Professor Yankovich stood at the front of the room like a monument to tenure—white hair, corduroy jacket, posture that said he’d been standing in front of students since the Cold War. He tapped the microphone twice, frowned when it squealed, and began without so much as a greeting.

“Physical anthropology isn’t just digging up old bones,” he said. “It’s about context. It’s about what a body can tell you after everything else has stopped talking.”

A few students looked up from their laptops. Yankovich turned to the screen behind him where a slide glowed with the title Forensic Applications of Physical Anthropology. A photo of a skull filled the projection—clean, clinical, haloed by harsh lab light.

“Today,” he went on, “we’re looking at tympano‑mastoid hemorrhage in the absence of a bleeding diatheses.” He wrote it out on the board in looping, impatient chalk. “Translation: bleeding behind the ear when there shouldn’t be. It’s one of the more subtle forensic indicators of head trauma—something you’ll miss if you don’t know what you’re looking for.”

He clicked to the next slide—close‑ups of a mastoid process darkened with pooled blood. Half the class grimaced. I didn’t. I leaned forward. Yankovich’s lectures were the only time I felt awake.

“When you see this pattern,” he said, “it means force. Impact. Usually blunt.

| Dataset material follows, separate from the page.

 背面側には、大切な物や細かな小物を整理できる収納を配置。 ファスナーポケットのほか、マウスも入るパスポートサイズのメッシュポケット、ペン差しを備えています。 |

It tells a story the skin didn’t get the chance to.” He paused, letting the image hang there. “Physical anthropology makes those stories readable.”

Someone behind me whispered something about CSI. Yankovich ignored it.

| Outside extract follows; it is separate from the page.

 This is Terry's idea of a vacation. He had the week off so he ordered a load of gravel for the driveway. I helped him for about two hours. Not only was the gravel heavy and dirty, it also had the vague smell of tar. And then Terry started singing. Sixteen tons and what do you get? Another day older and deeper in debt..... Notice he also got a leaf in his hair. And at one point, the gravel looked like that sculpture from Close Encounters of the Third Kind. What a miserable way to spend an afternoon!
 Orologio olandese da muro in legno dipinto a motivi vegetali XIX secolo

I scribbled notes I probably wouldn’t reread, half‑listening, half‑wondering why the word absence lingered in my head longer than it should have. Maybe because I felt it, too. The hollow space where something used to be. The silence after impact.

Yankovich kept going, the pointer tapping lightly against the slide. “Now, here’s the trick,” he said. “Tympano‑mastoid hemorrhage can also occur in cases of drowning. Same presentation—blood in the mastoid air cells—but the mechanism changes. Instead of a blow to the head, you’re looking at barometric pressure, ruptured vessels, fluid displacement.” He turned to look at us over his glasses. “A body tells you the truth if you ask the right questions. It’s our job to learn the language.”

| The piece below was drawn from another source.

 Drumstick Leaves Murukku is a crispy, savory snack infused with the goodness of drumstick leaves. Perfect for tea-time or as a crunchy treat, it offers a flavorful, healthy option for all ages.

He moved to the next slide: a diagram of the ear canal, red lines marking pressure points. “In drowning cases, it’s the absence of external injury that’s telling. No trauma, no weapon, no witness—just the slow violence of pressure and time.”

By the time he clicked to the final slide, half the class looked ready to pass out, and the other half was just trying to decide if they should. Yankovich capped his marker, stared us down like he could see who hadn’t done the reading, and grunted once—a sound somewhere between disappointment and approval.

“Alright,” he said, “before you all start stampeding toward the door, we have a new addition to the department. You’ll be seeing him in lab and during field sessions this semester.” He gestured toward the side door. “Mr. Whittaker, if you’d come on in.”

The door opened, and in walked the man who was about to ruin my concentration for the foreseeable future.

Forbes Whittaker looked every inch the visiting scholar—crisp button-down, sleeves rolled to the elbow, an accent that already made the room sit up straighter. He offered a small nod to the class, polite, confident, the kind of calm that didn’t need to prove itself.

“Mr. Whittaker is a doctoral fellow specializing in osteology and forensic field methods,” Yankovich said. “He’ll be assisting with lab grading and leading the weekend field practicum.”

The words weekend practicum hit like a mild concussion. My stomach dropped.

Forbes smiled faintly, voice steady. “Looking forward to working with all of you.”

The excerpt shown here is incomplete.